Ben Is Dead
- Editor: Deborah "Darby" Romeo
- First issue: 1988
- Final issue: 1999
- Country: United States
- Based in: Los Angeles
- Language: English
- OCLC: 26782693

= Ben Is Dead =

Los Angeles-based zine

Ben Is Dead was a Los Angeles–based zine published from 1988 through 1999. Its creator, Deborah "Darby" Romeo, got its name from a dream she had about her husband Ben, a Frenchman she divorced not long into the magazine's run. Romeo would later write that during the magazine's early days Ben found the title amusing, and would introduce himself to people as "Ben, from Ben is Dead."

==Beginnings==
The magazine began as a photocopied publication featuring interviews with punk and "alternative" rock bands of the era (including then up-and-comers as Ethyl Meatplow, Nirvana and Hole) alongside the confessional and often shocking writing of Romeo, editors Mikki Halpin and Kerin Morataya, and her many contributors (which included colorful personalities Vaginal Davis, Ron Athey and Lisa Crystal Carver). Starting with issue 10 ("Mother"), each issue had an overall theme ("Revenge," "Obsessions and Bad Habits," "Sex," etc.) which the zine's writers would explore in exhaustive detail, freely recounting their own suicide attempts, kinky sexual adventures, addictions or family horror stories. The zine gradually became much more slick-looking and featured interviews with mainstream acts as Tom Jones, "Weird Al" Yankovic and Duran Duran alongside underground notables like William S. Burroughs, Johnny Rotten and Anton LaVey. Eventually Ben Is Dead had a circulation in the tens of thousands and was being sold in Borders and Tower Records across the United States.

==Evolution==
As the zine continued, its tone became increasingly erratic as Romeo mixed the dark, confessional material with more light-hearted pop culture commentary, including articles about her fascination with Beverly Hills, 90210. Romeo's 90210 obsession eventually resulted in her and Morataya creating The I Hate Brenda Newsletter, a one-shot publication which was widely covered by the mainstream press.
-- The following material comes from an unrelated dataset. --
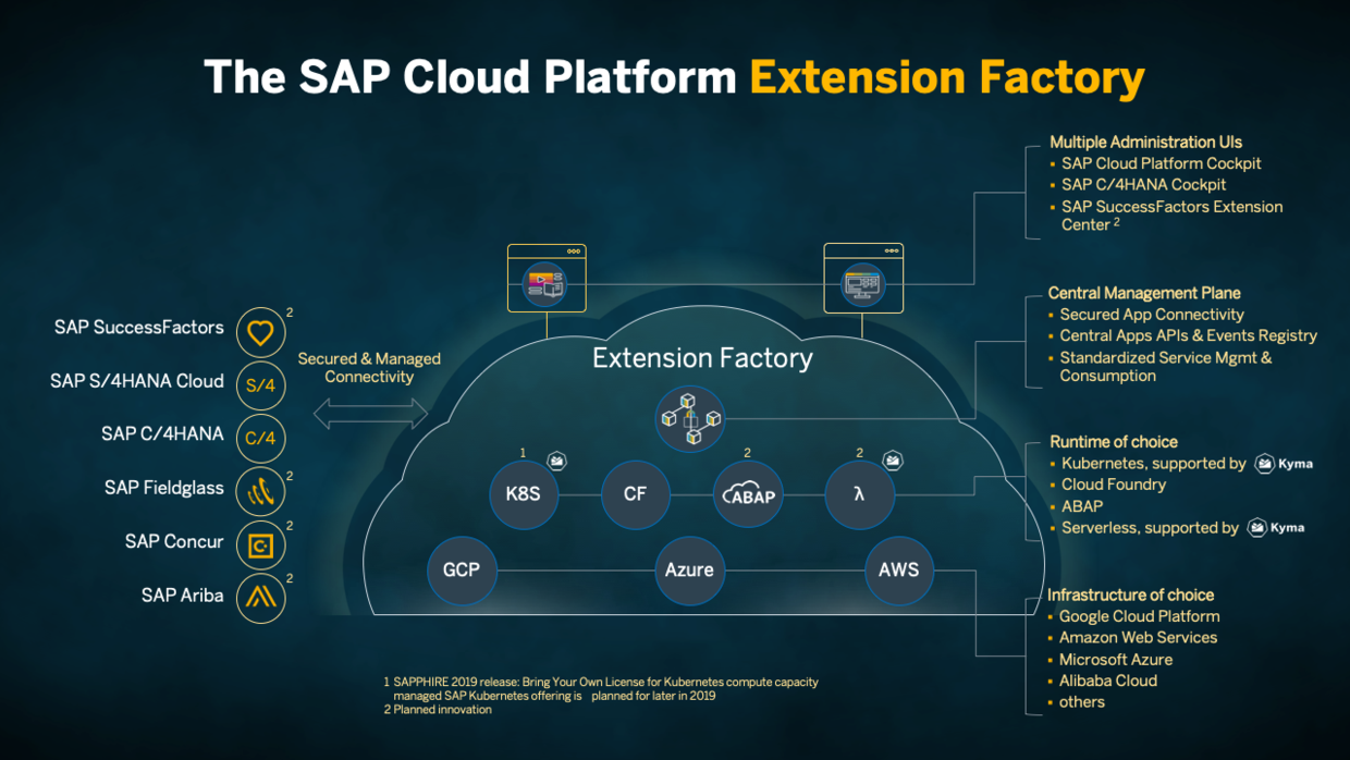 而SAP Cloud Platform Extension Factory,是SAP在开源项目Kyma上进一步完善而推出的一个商业化解决方案,本身并不单独卖,而是作为SAP云平台的一个组成部分。

They also co-wrote the 1993 Pinnacle publication, The 'I Hate Brenda' Book and even formed their own band, Rump, which released a novelty compact disc entitled Hating Brenda.

In the mid to late 1990s, Romeo was often interviewed by the mainstream media, serving as a rather ambivalent spokesperson for the zine movement; she once joked that unless she found a way to make her zine pay off, she was soon going to be doing CNN interviews from a cardboard box. Romeo was constantly embroiled in feuds with other zinesters, and her last known publishing project was Socially Fucking Retarded, a 2000 one-shot zine chronicling the KillZine tour she went on with various other zinesters and the controversies along the way.

Romeo regularly interviewed her cantankerous father in Ben Is Dead, and in one interview she told him she couldn't imagine publishing a zine after she turned 30. And indeed, not long into her 30s, Romeo announced she was ceasing publication. The last issue of Ben is Dead featured the theme of "Celebrity." Actor/artist/noted eccentric Crispin Glover appeared on the cover and was the subject of a lengthy and very peculiar interview.

==Today==
While the zine evolved quite a bit over the years, some things about it never changed – notably each issue being organized around a theme, the very small typeface used throughout (over the years the magazine printed many letters from readers complaining the font was so tiny it was hard to read) and the tiny quotations and commentary that ran along the bottom of almost every page. The zine attracted some notable fans, including Star Trek producer Brannon Braga, who sent in a fan letter. Many alternative cartoonists of the era (such as Adrian Tomine and Ellen Forney) were also fans, and contributed to the zine's penultimate, comics-themed issue.

Today Ben Is Dead is perhaps best known for the three-part series of "Retro" issues, in which dozens of writers looked back at the trends and fads of their childhoods with a mix of nostalgia and horror. These issues were compiled into the sprawling book, Retro Hell: Life in the '70s and '80s, From Afros to Zotz. Early in the millennium, an anthology of Ben Is Dead articles was announced at Incommunicado Press, although the project eventually fell through. In 1996, Romeo established the University of California, Los Angeles' "Darby Romeo Collection of Zines," a permanent archive housed in what was at the time UCLA's Arts Library Special Collections. The "Romeo (Darby) Collection of Zines" is currently housed in UCLA Library Special Collections and is part of the UCLA Library Punk Archive.

Many of Ben is Deads writers have continued their writing careers (Vaginal Davis writes for LA Weekly, Lisa Crystal Carver and Mikki Halpin have each written several books, etc.) including Romeo, who has penned articles for LA Weekly, Alternative Press, Vanity Fair, the Chicago Tribune and The Village Voice among others. She currently maintains the blog Coconut Girl Wireless.